Chapter 5

The Index That Leaves

Reduction is what happens when a coordinate does its job and leaves.

In:

let dot = sum[i](u[i] * v[i])

the coordinate i exists inside the sum. It chooses matching elements of u and v. After the sum, it is gone. The result has no coordinate i because the point of the reduction was to consume it.

That is a small idea. It is also the source of many tensor programs.

The Design Fork: Axis Argument or Local Name

The common interface for reduction is an axis argument:

sum(x, axis=-1)

This is compact, but it turns the reduced coordinate into a position. If previous operations have moved axes around, the reader must reconstruct which role -1 names. A language can add comments or shape annotations, but the reduction itself still consumes a number rather than a role.

Einlang chooses a local name:

sum[j](x[..batch, j])

Now the consumed coordinate is introduced exactly where it leaves. The name j does not survive into the result, and that absence is the point. The syntax is not longer for ceremony; it is longer because later gradient and shape reasoning will need to know which coordinate was consumed.

Imagine pausing a debugger after the reduction. The value result[..batch] can tell you which batch member it belongs to, but it cannot tell you which j contributed which amount. That is not lost metadata by accident. It is the operation’s meaning. Naming j locally makes the loss deliberate.

Survivors and Locals

A reduction expression has two kinds of coordinates. Some are free in the result. Some are local to the reducer. The free coordinates describe the family being produced. The local coordinates describe the work done for each member of that family.

Consider:

let row_total[row] = sum[col](A[row, col])

For each row, the expression scans every col. The result has one value per row because row remains free. The coordinate col never escapes the sum.

Now switch the names:

let col_total[col] = sum[row](A[row, col])

The shape may look similar if the matrix is square, but the meaning is different. The first program totals rows. The second totals columns. Axis numbers can express the same distinction, but names make the distinction live inside the formula.

Matrix Multiplication

Matrix multiplication is the same move with two surviving coordinates:

let C[i, j] = sum[k](A[i, k] * B[k, j])

The coordinates i and j survive because they appear on the left. The coordinate k is local to the sum. For a concrete output point:

C[2, 5] = sum[k](A[2, k] * B[k, 5])

That single coordinate reading is the whole operation. Row 2 of A meets column 5 of B; k walks across the meeting and disappears.

If A and B are square, a mistaken reduction can still produce a square result. For example, reducing over i instead of k is not a small spelling variation; it asks a different set of values to meet. The local name is what lets a reviewer say “the inner coordinate is supposed to leave here.”

Why the Name Matters

Many libraries express reduction by an axis number:

row_sum = A.sum(axis=1)

That is concise, but the meaning of axis=1 depends on the surrounding shape contract. If the axes move, the number may still be valid while the intention is no longer valid.

With named coordinates:

let row_sum[row] = sum[col](A[row, col])

the consumed coordinate is col, not “whatever currently sits at position 1.” The output keeps row because row is the coordinate left free.

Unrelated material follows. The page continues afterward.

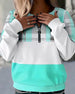 SPECIFICATIONS Top Type: Sweatshirts Style: Casual Material: Cotton Blends Occasion: Daily Neckline: V neck_V Pattern Type: Color Block Sleeve Type: Regular sleeve Sleeve Length: Long Sleeve Fit Type: Regular Season: Spring,Summer,Fall Details: Zipper Package Includes: 1 x Sweatshirt SIZE TABLE Size Bust Length CM INCH CM INCH S...

Multiple Indices Can Leave Together

Convolution uses the same pattern with more local coordinates. A two-dimensional windowed sum can be written schematically as:

let out[b, co, i, j] =
    sum[ci, kh, kw](
        x[b, ci, i + kh, j + kw] * kernel[co, ci, kh, kw]
    )

The output keeps batch b, output channel co, and spatial position i, j. The local coordinates ci, kh, and kw leave. They describe the input channel and the two coordinates inside the kernel window.

This is a larger example, but no new reading rule is needed. Circle the coordinates on the left. Those survive. Circle the coordinates introduced by sum. Those are local. Everything else is a relationship between the two.

The standard library convolution code has more details: padding, dilation, groups, and bounds. Those details matter for implementation, but the center is still a reduction over local coordinates that do not survive into the output.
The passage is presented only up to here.